Background: In sub-Saharan Africa, rectal diazepam or intramuscular paraldehyde are commonly used as first-line anticonvulsant agents in the emergency treatment of seizures in children. These treatments can be expensive and sometimes toxic. We aimed to assess a drug and delivery system that is potentially more effective, safer, and easier to administer than those presently in use.

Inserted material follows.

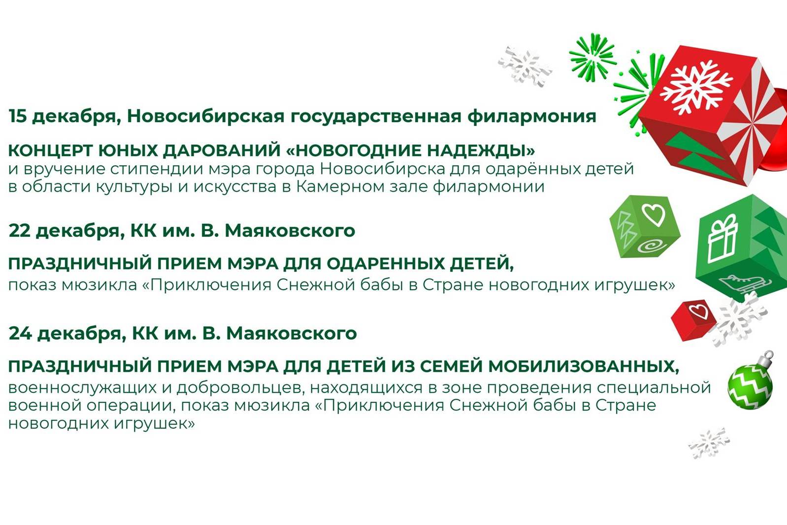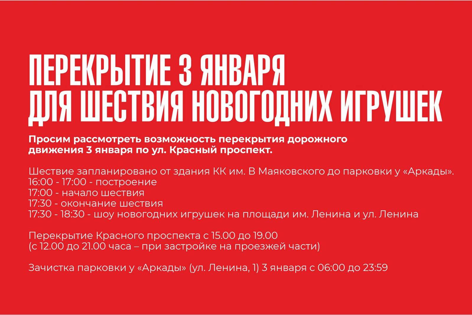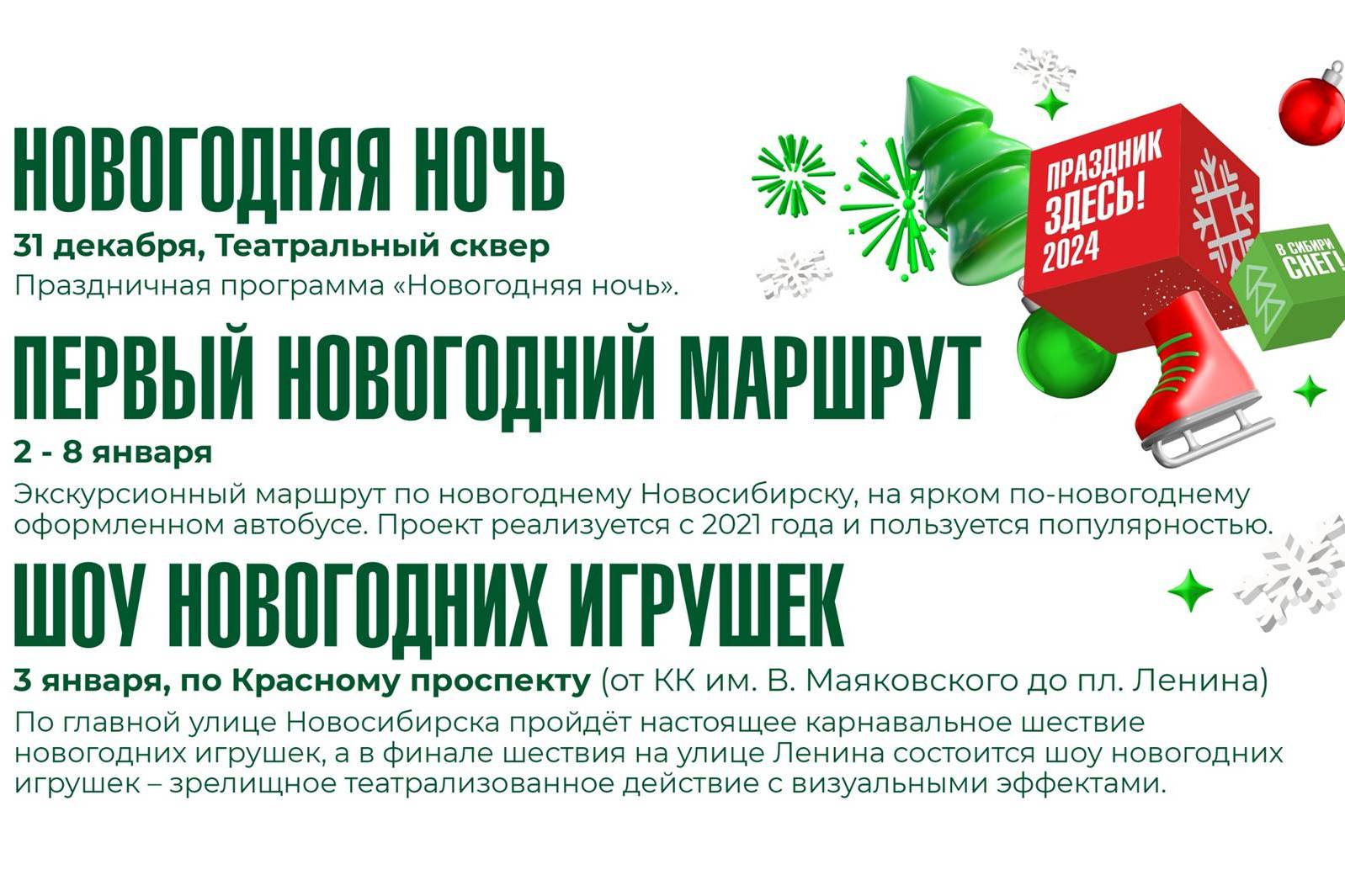 Добавим, что 3 января в городе собираются провести карнавальное шествие новогодних игрушек по Красному проспекту. Завершится оно театрализованным шоу с визуальными эффектами. Кроме того, на длинных зимних каникулах новосибирцев ждут праздничные автобусные экскурсии, фестиваль снежных баб, «Самый добрый концерт» и другие развлечения. Массовую встречу Нового года в ночь на 1 января запланировали в Театральном сквере перед НОВАТом возле главной городской ёлки, которая, кстати, уже зажглась.

Methods: We did an open randomised trial in a paediatric emergency department of a tertiary hospital in Malawi. 160 children aged over 2 months with seizures persisting for more than 5 min were randomly assigned to receive either intranasal lorazepam (100 microg/kg, n=80) or intramuscular paraldehyde (0.2 mL/kg, n=80). The primary outcome measure was whether the presenting seizure stopped with one dose of assigned anticonvulsant agent within 10 min of administration. The primary analysis was by intention-to-treat. This study is registered with ClinicalTrials.gov, number NCT00116064.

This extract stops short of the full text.